ShareSoc, the body that advises individual shareholders, said the 2011 long-term incentive plan (LTIP) is likely to amount to total payouts of more than £400m and is therefore “excessive”.
The pay of company chairman Tony Pidgley is also targeted. ShareSoc said it is “unnecessarily high” at £21m in 2015/16 and £23m in 2014/15.
“The main reason for the high pay is the excessively generous 2011 LTIP scheme, of which he receives 30% of the total pot,” said a ShareSoc statement.

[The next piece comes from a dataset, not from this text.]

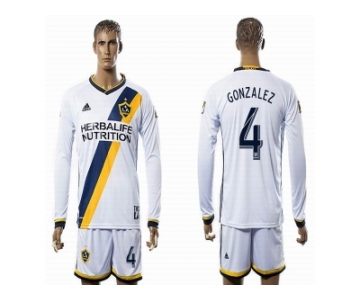 Los Angeles Galaxy #4 GONZALEZ White Home Long Sleeves Soccer Club Jersey
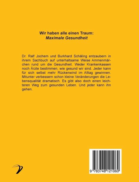 Dr. Ralf Jochem und Burkhard Schäling entzaubern in ihrem Ratgeber auf unterhaltsame Weise Ammenmärchen rund um die Gesundheit. Im Teil 1 klärt das Buch die Frage, was Gesundheit überhaupt ist. Allein die veraltete Vorstellung von Gesundheit als Abwesenheit von Krankheit hindert viele Menschen daran, das in ihnen schlummernde Potenzial zu maximaler Gesundheit zu nutzen. Teil 2 entlarvt einige der größten Krankmacher, vor allem bei der Ernährung. Der 3. Teil beschreibt die Hauptsäulen maximaler Gesundheit: positives Denken, gesunde Ernährung und maßvolle Bewegung. Im 4. Teil geht es um aktuelle Ernährungstrends und Superfoods.Die 60 Fotos und Illustrationen lockern den humorvollen Text zusätzlich auf. Dabei wiederholt das Buch nicht die radikalen, oft unzumutbaren Forderungen der »Gesundheits-Gurus«. Vielmehr möchte es den Leser ermuntern, an den richtigen Stellschrauben zu drehen, um mit minimalem Aufwand zu maximaler Gesundheit zu gelangen. Mitunter verbessern schon kleine Veränderungen die Lebensqualität dramatisch. So kann jeder mehr Rückenwind im Alltag gewinnen. Das Credo der Herausgeber: Es gibt einen leichteren Weg zum gesunden Leben. Und jeder kann ihn gehen.

Cliff Weight, ShareSoc spokesman on remuneration issues, said: “I think the Berkeley remuneration report fails the ShareSoc Remuneration Guidelines test of Clarity and Transparency.
“Rather than giving a balanced report to shareholders, the report reads more like a marketing brochure emphasising the positives and omitting the negatives.
“The key things the annual statement from the chairman of the Rem Com [remuneration committee] fails to mention are firstly the size of the 2011 LTIP total payouts and potential payouts (of over £400 million) that will significantly reduce shareholders’ returns.”
ShareSoc also complains that the remuneration report failed to mention that Pidgley owns £160m worth of shares and has options over five million more, and that he has an annual bonus potential of 300% of his salary.
ShareSoc described the remuneration report as an “unnecessary transfer of wealth from shareholders to management”.
Berkeley’s AGM will be on 6 September.